[Dataset excerpts]
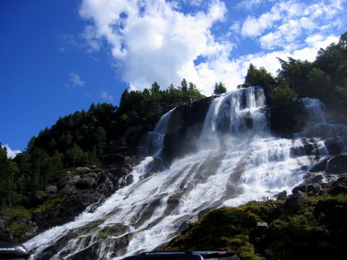 Дело в том, что метров за 200 до водопада находится платный участок дороги. Поэтому только для того, чтобы посмотреть на этот водопад вблизи и сфотографировать придется раскошелиться на 82 кроны (430 руб.) в каждом направлении. Смирившись с неизбежным, развернулись и поехали на действующий ледник Buarbreen. Это третий по величине действующий ледник в Норвегии.
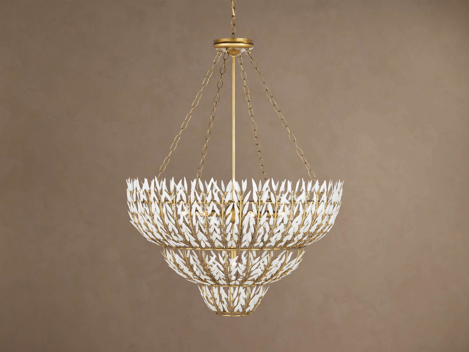 - 56" brass-finished chain measures 8' long.
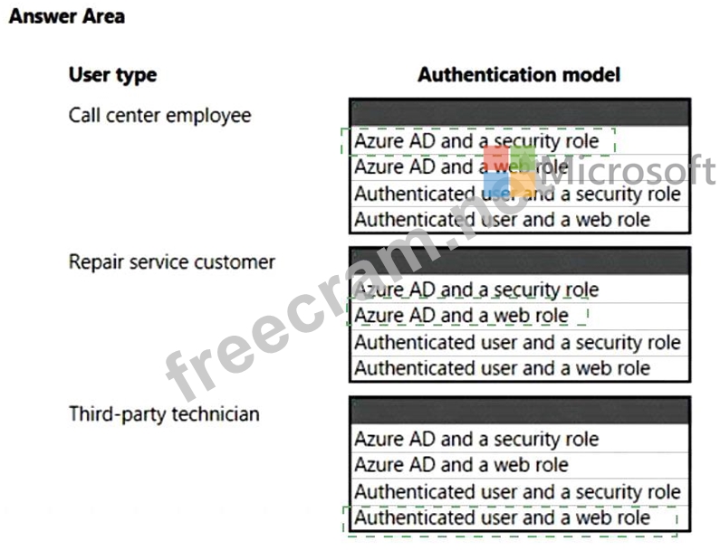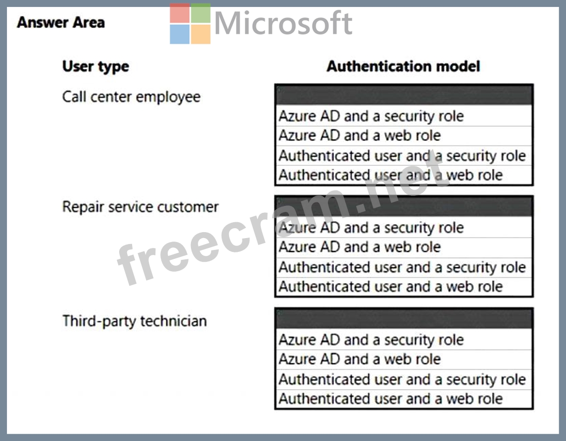 The solution dispatches a technician to troubleshoot and repair customer issues. Customers sign into a customer portal to view and log information concerning the repairs. The repair service contracts with third party technicians for repair jobs The solution must meet the following requirements:
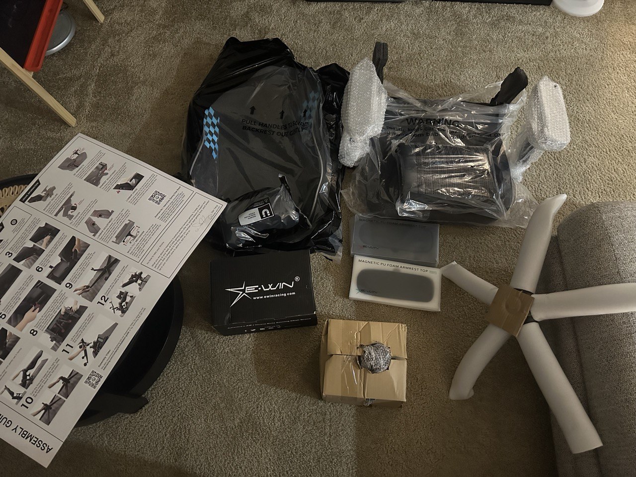 This chair is humongous, so the box it arrives in is equally proportioned to accommodate its tall backrest and wide seat. Make sure that you open it from the top so you can pull out its parts according to the order described by the massive assembly card. We placed it next to a Sihoo M57 ergo chair, which is already pretty big for its class, just to show its scale in the photo below:
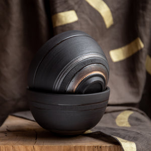 Ručno oblikovana od tamne kamenine, činija ima mat crnu površinu sa suptilnim metalik bronzanim tonovima pri osnovi. Blagi horizontalni žlebovi prate njenu formu i daju joj tiho kretanje. Uz njih, fine uspravne rezbarije — svaka pažljivo urezana rukom — donose ritam i prisustvo, poput tihih poteza četkice u glini. Unutrašnjost je blago teksturisana i čuva trag dodira: otiske prstiju, pokreta i namere. Odlično zadržava toplotu i poziva da usporimo — baš kao i trenuci koje delimo za stolom.
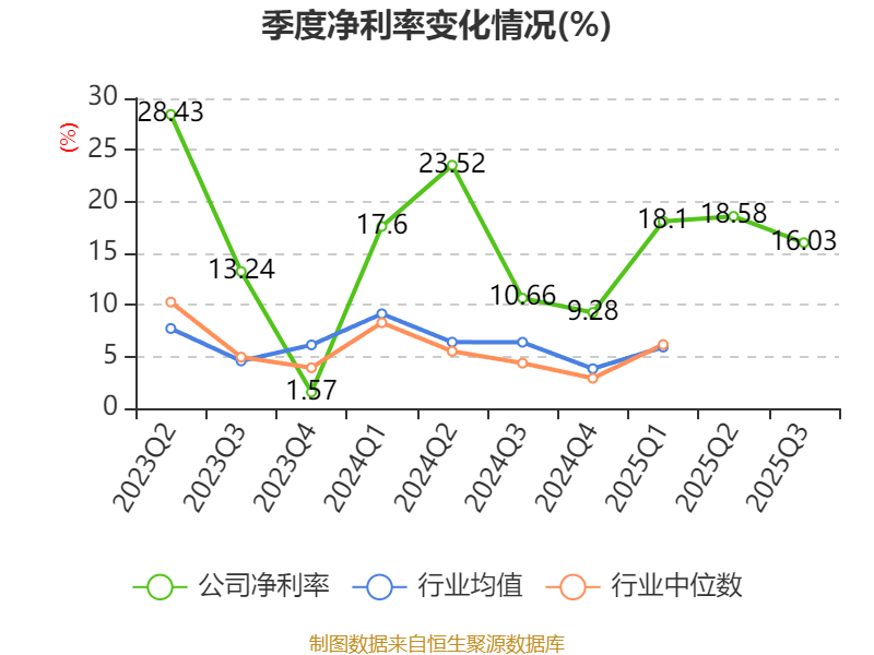 2025年前三季度,公司流动比率为18.17,速动比率为17.05。
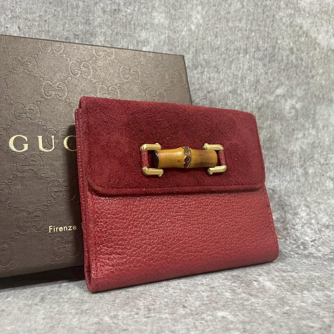 - 美品 GUCCI グッチ 二つ折り財布 バンブー レザー スエード レッド
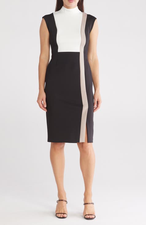 Vestido tubo con mangas japonesas y cuello simulado en bloques de color
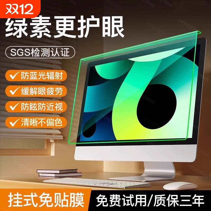 叶绿素防蓝光电脑屏幕罩挂式免贴防辐射保护屏24寸台式电脑显示器护眼膜防近视27寸23.8笔记本适用苹果一体机
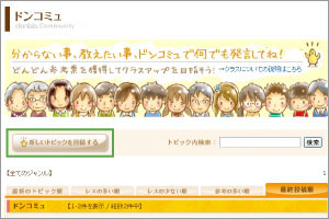 レスの投稿は、該当のトピックの[このトピックへレスを投稿]からコメントを投稿することができます。レスを投稿される方は、できる限り優しい言葉でわかりやすく答えてあげてください。
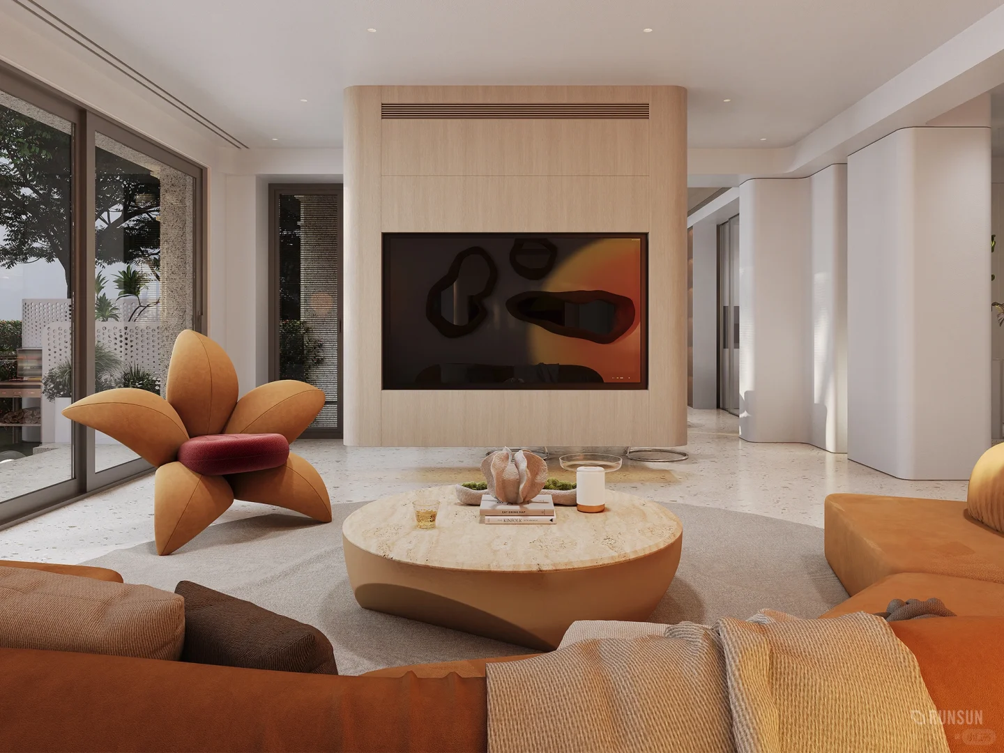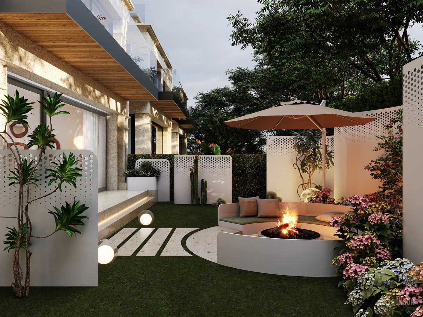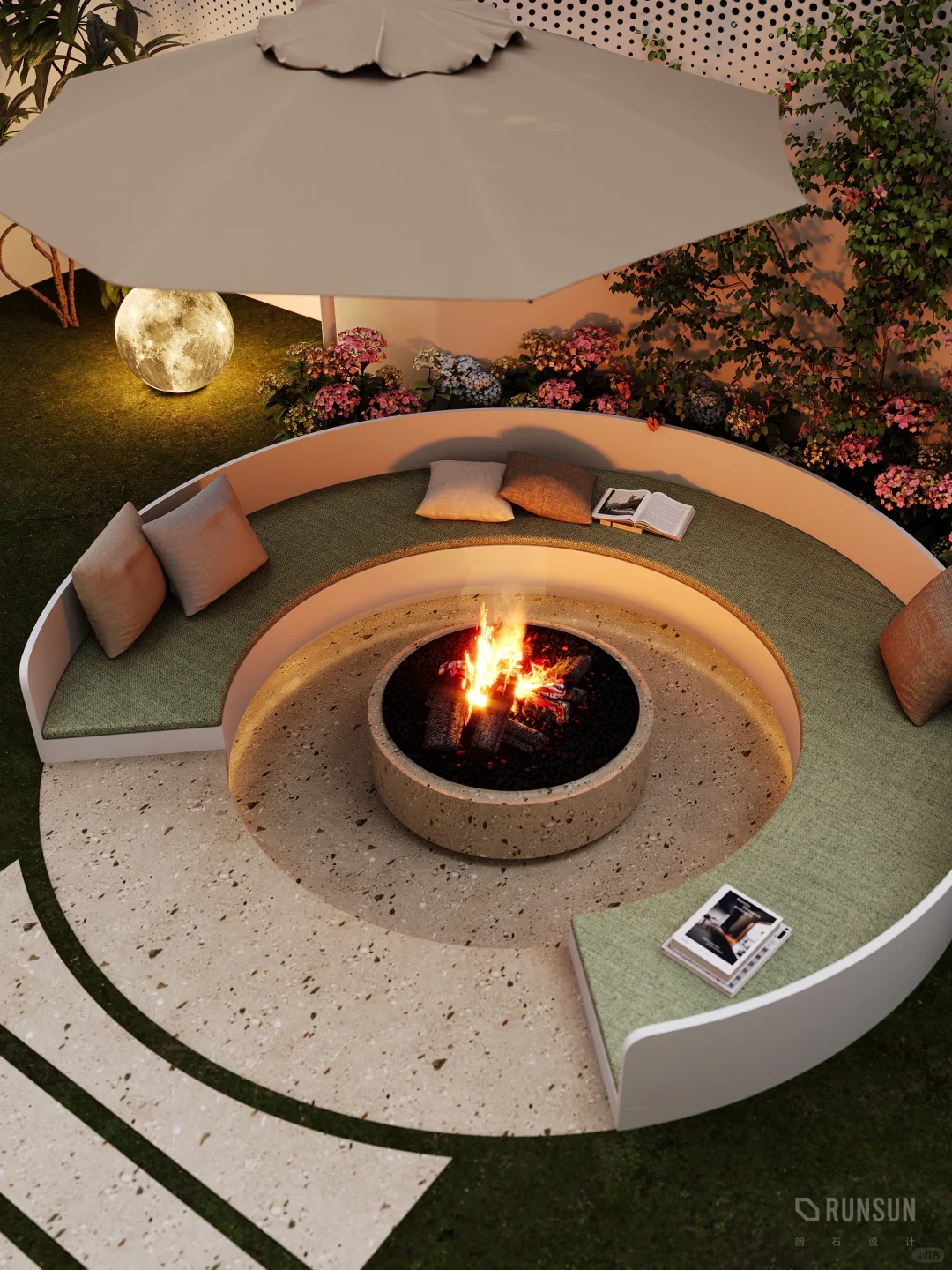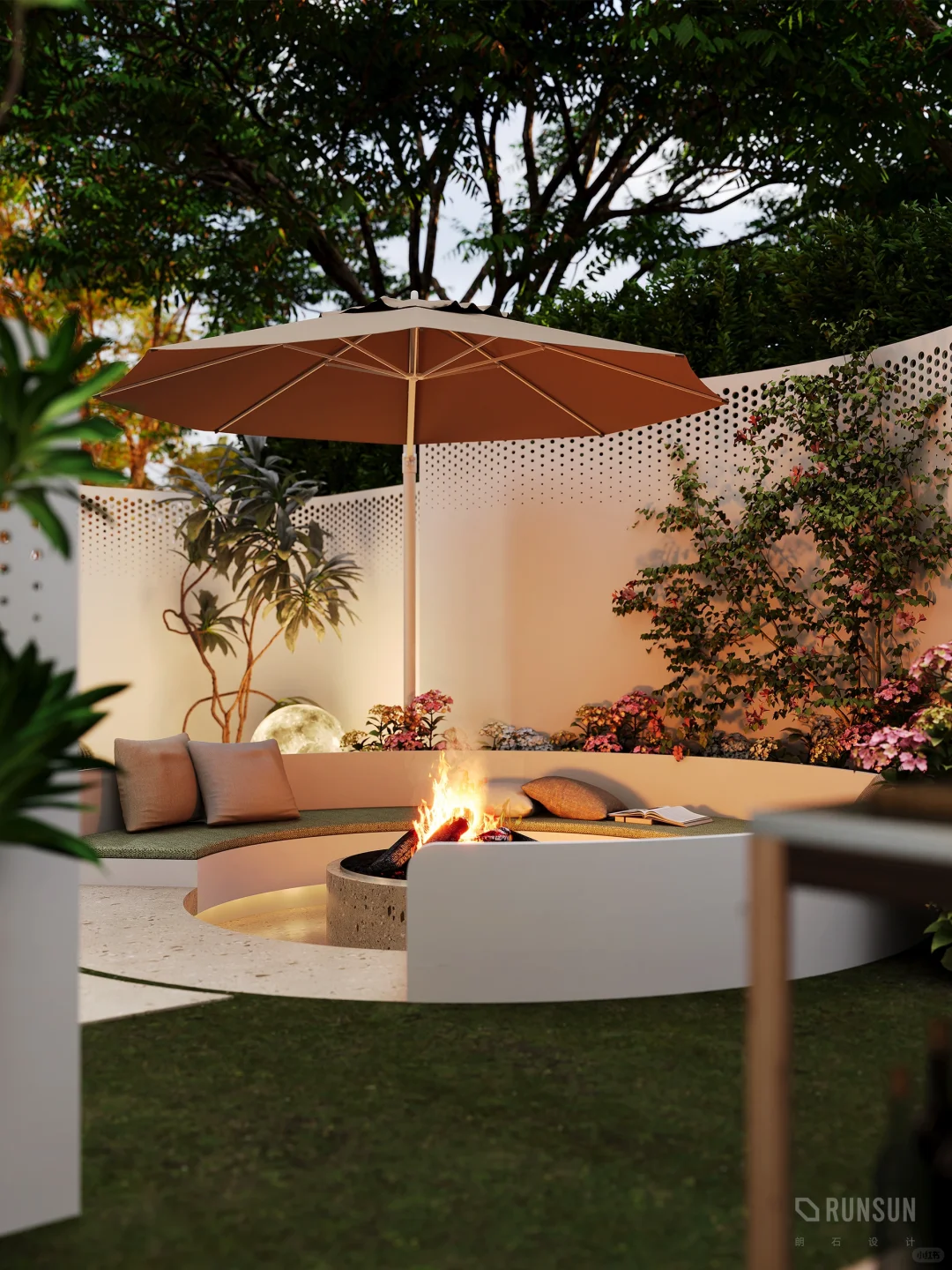 NEWCASE.温州悦府排屋别墅 普通“钢筋铁林”没有自然的喘气空间,不如选择一楼,自己打造一个花园吧! 将室内客厅与室外花园结合设计,把花园打造成户外会客厅,全弧形户外会客厅,可以容纳十几人聚餐娱乐 室内客厅电视做悬空背景,不给空间一点“落地”机会!室外的新鲜空气也要在客厅流淌~直接做全景移门,全方面展示花园景色。室内私密空间,室外休闲空间,能贯通能私密,你值得拥有[赞R]
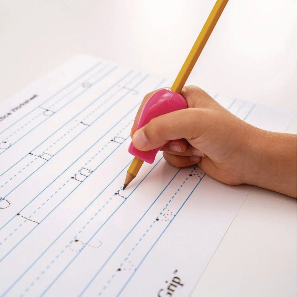 This grip helps improve comfort, control, and the quality of handwriting. It uses the proven design of The Pencil Grip and is 40% larger. The large size of the grip means it provides more support, up to the second knuckle. Unlike other large pencil grips, the jumbo grip feels natural because of its ergonomic design and soft, flexible, latex-free material. The unique shape gently encourages the fingers and hand to rest in the proper position for grippingThe Tripod Grip. The Jumbo Grip was designed by a doctor and is widely used in classrooms, at home, and in therapeutic settings. The unique shape is designed to be "one size fits all" to help the hands of kids and adults, and work for both righties and lefties. The grip can be used as a training tool or used permanently for added support. It fits on pencils, primary pencils, pens, crayons, markers, paint brushes and more so its benefits can be widely enjoyed.
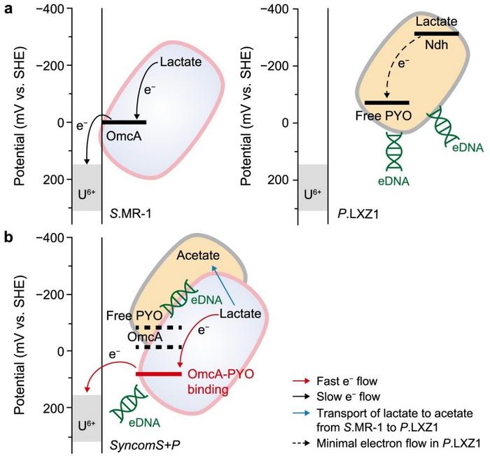 A research team has developed a synthetic microbial consortium that completely reduces soluble uranium [U(VI)] to insoluble U(IV) within 48 hours, showing nearly twice the efficiency of a single-strain system. The study reveals how Shewanella oneidensis MR-1 and Pseudomonas aeruginosa LXZ1 cooperate to accelerate extracellular electron transfer (EET). P. aeruginosa LXZ1 secretes pyocyanin, which interacts with the outer-membrane cytochrome OmcA in MR-1, while its extracellular DNA forms conductive networks within the biofilm. These mechanisms jointly enhance electron flow and energy metabolism, overcoming the limitations of conventional microbial reduction. The findings highlight a community-based approach for sustainable uranium bioremediation.
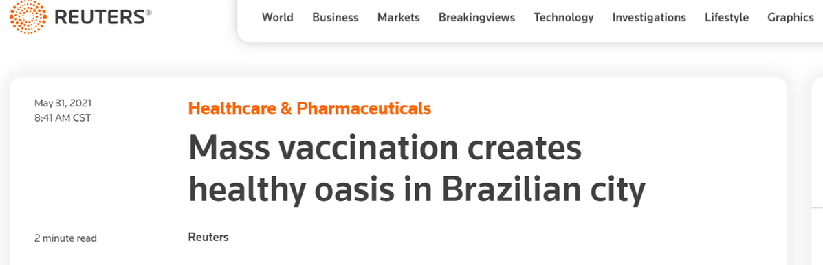 塞拉纳镇官员和居民表示,到目前为止,他们感到结果“令人振奋”。与3月的疫情高峰相比,感染率下降了75%。而在完成接种疫苗的人当中,没有出现死亡病例,这表明科兴疫苗对席卷巴西的P.1变异病毒是有效的。
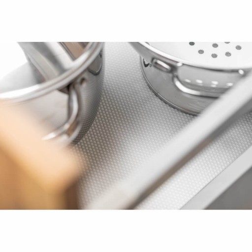 Mata antypoślizgowa AXISPACE znajdzie zastosowanie w różnego rodzaju szafkach i szufladach. Szerokość maty wynosi 480 mm a jej długość 5000 mm, ale istnieje możliwość docięcia jej na dowolny wymiar. Powierzchnia z wypustkami zapobiega przesuwaniu się przedmiotów.

> THE PROBLEM
Could you transcribe exactly the lines from the start of the records through the line containing "The solution dispatches", both ends included, leaving the pictures out?

> ANSWER FOR THIS EXERCISE
 Дело в том, что метров за 200 до водопада находится платный участок дороги. Поэтому только для того, чтобы посмотреть на этот водопад вблизи и сфотографировать придется раскошелиться на 82 кроны (430 руб.) в каждом направлении. Смирившись с неизбежным, развернулись и поехали на действующий ледник Buarbreen. Это третий по величине действующий ледник в Норвегии.
 - 56" brass-finished chain measures 8' long.
 The solution dispatches a technician to troubleshoot and repair customer issues. Customers sign into a customer portal to view and log information concerning the repairs. The repair service contracts with third party technicians for repair jobs The solution must meet the following requirements:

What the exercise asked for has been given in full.